Material to process
::::::

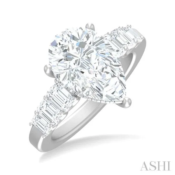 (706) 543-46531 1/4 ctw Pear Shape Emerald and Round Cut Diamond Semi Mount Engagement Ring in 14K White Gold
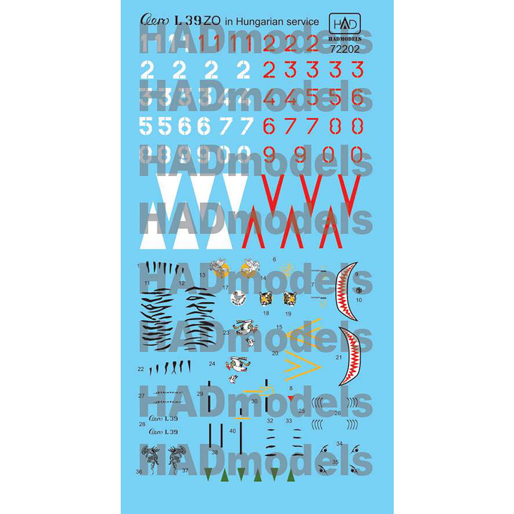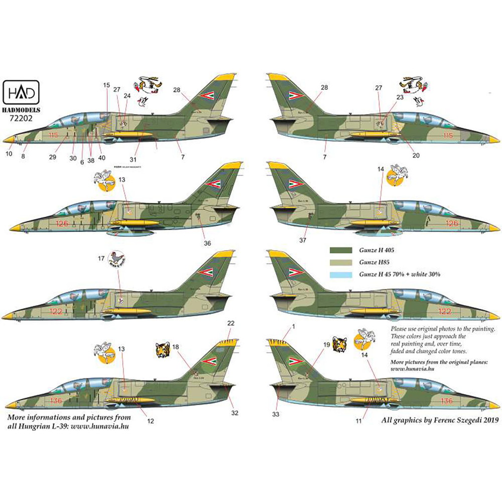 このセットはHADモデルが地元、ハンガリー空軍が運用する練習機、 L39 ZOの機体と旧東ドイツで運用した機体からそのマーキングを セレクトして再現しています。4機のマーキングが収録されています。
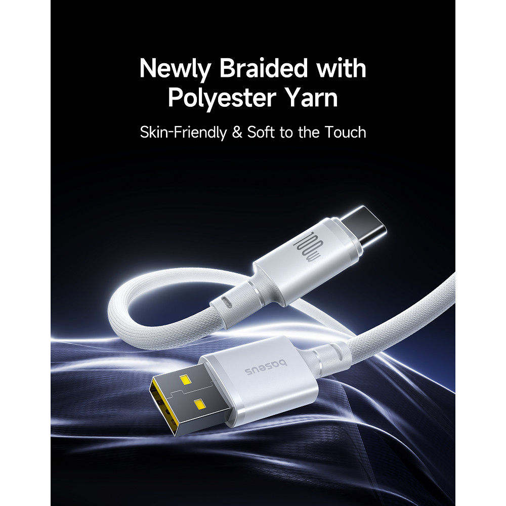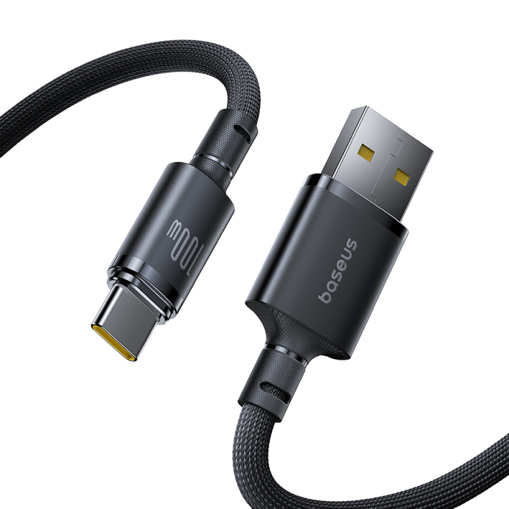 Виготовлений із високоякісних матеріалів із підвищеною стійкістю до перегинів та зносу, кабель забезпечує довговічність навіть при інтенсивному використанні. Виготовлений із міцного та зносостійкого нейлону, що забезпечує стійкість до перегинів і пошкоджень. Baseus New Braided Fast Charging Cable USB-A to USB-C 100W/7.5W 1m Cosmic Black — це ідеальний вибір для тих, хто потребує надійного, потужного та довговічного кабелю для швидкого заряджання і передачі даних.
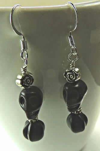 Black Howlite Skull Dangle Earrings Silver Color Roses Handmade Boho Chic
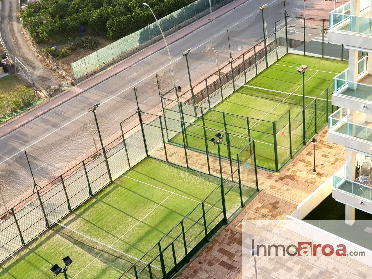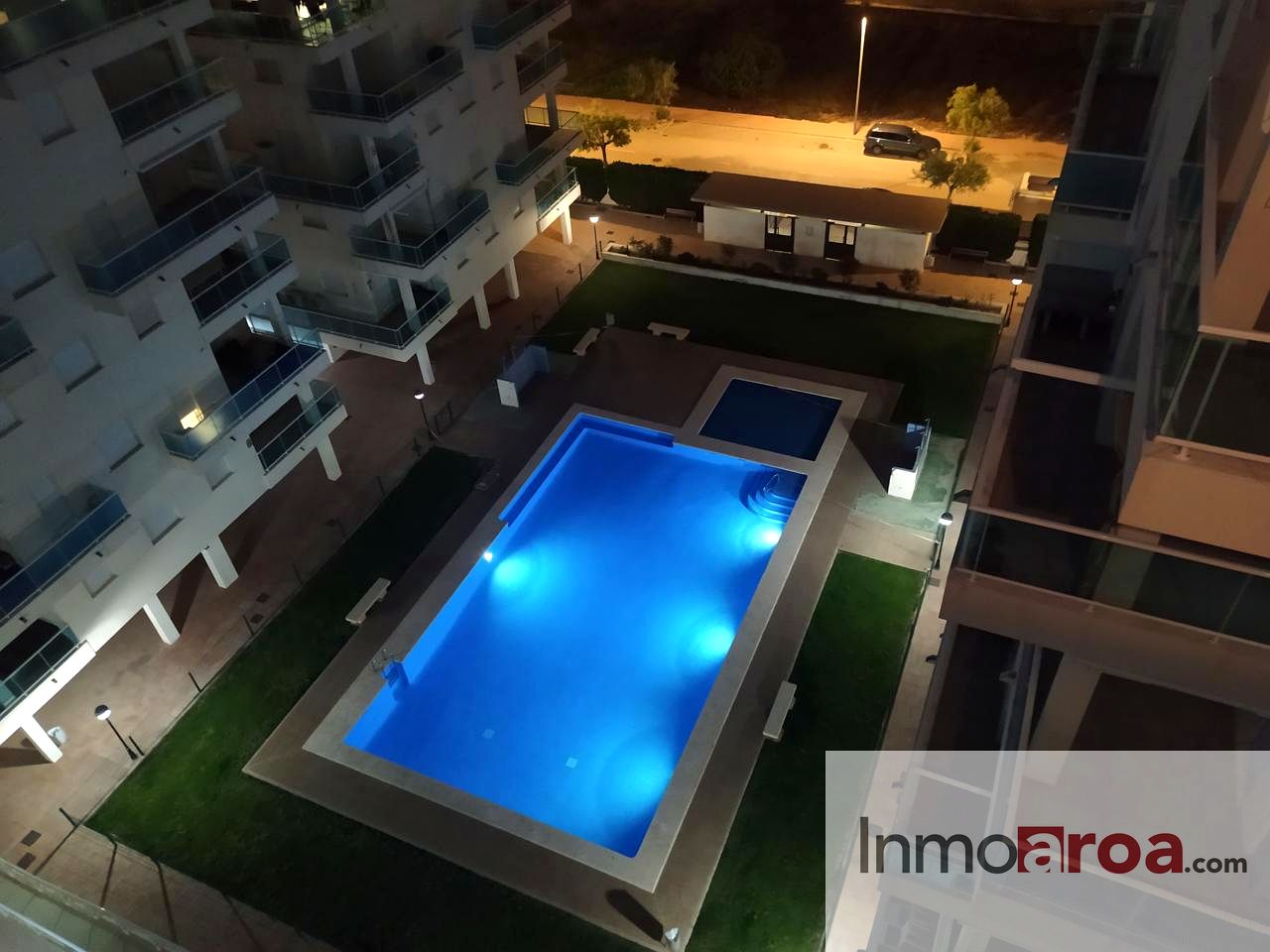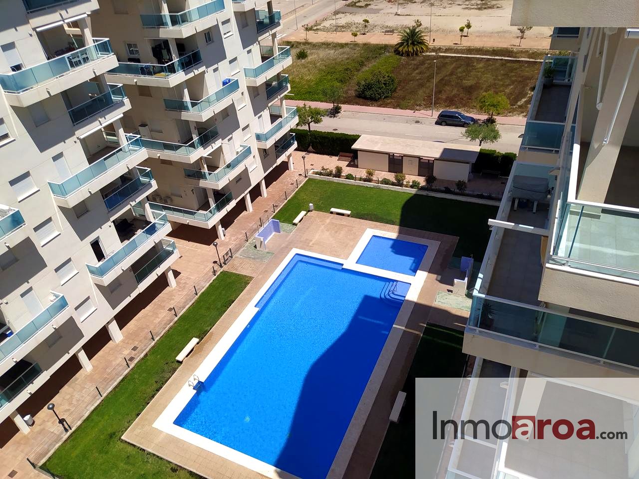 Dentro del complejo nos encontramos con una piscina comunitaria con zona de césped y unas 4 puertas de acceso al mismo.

::::::

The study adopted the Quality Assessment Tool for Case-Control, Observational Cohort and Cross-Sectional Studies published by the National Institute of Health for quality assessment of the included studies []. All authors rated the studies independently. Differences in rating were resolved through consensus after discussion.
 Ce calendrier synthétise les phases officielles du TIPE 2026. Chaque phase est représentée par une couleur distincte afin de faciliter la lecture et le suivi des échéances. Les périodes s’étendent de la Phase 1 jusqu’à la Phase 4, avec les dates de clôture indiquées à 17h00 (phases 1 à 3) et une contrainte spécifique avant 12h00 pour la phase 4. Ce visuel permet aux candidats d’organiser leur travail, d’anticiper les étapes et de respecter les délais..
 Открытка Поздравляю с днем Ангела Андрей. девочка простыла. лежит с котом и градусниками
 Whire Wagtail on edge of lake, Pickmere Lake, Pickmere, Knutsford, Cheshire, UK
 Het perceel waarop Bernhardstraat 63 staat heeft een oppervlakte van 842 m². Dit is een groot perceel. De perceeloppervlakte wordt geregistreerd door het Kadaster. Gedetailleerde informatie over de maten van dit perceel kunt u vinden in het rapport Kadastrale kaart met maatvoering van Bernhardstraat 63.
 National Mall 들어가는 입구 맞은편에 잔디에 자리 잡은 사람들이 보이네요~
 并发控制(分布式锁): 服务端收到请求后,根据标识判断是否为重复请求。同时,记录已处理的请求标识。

::::::

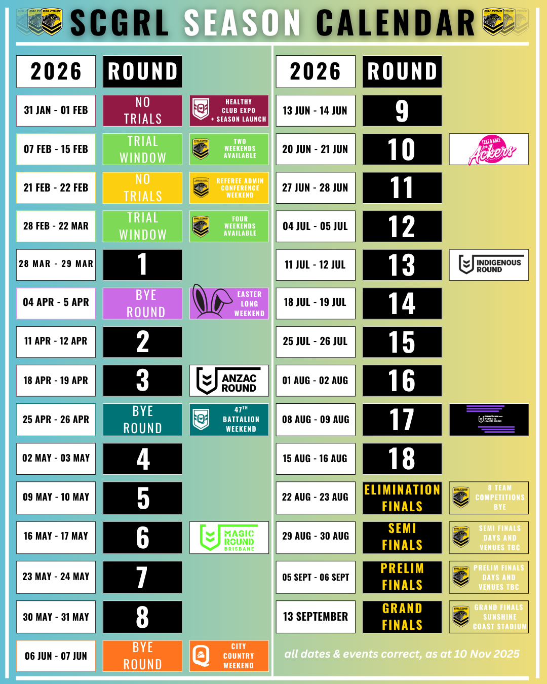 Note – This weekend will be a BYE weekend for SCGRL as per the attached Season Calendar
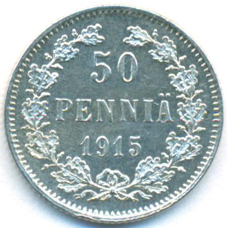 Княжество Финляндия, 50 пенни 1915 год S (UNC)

::::::

Work instruction
Take the material above and output only the lines from the one that contains "(706) 543-46531 1/4" through the one that contains "Dentro del complejo", ends included and images left out.

Answer to this exercise
 (706) 543-46531 1/4 ctw Pear Shape Emerald and Round Cut Diamond Semi Mount Engagement Ring in 14K White Gold
 このセットはHADモデルが地元、ハンガリー空軍が運用する練習機、 L39 ZOの機体と旧東ドイツで運用した機体からそのマーキングを セレクトして再現しています。4機のマーキングが収録されています。
 Виготовлений із високоякісних матеріалів із підвищеною стійкістю до перегинів та зносу, кабель забезпечує довговічність навіть при інтенсивному використанні. Виготовлений із міцного та зносостійкого нейлону, що забезпечує стійкість до перегинів і пошкоджень. Baseus New Braided Fast Charging Cable USB-A to USB-C 100W/7.5W 1m Cosmic Black — це ідеальний вибір для тих, хто потребує надійного, потужного та довговічного кабелю для швидкого заряджання і передачі даних.
 Black Howlite Skull Dangle Earrings Silver Color Roses Handmade Boho Chic
 Dentro del complejo nos encontramos con una piscina comunitaria con zona de césped y unas 4 puertas de acceso al mismo.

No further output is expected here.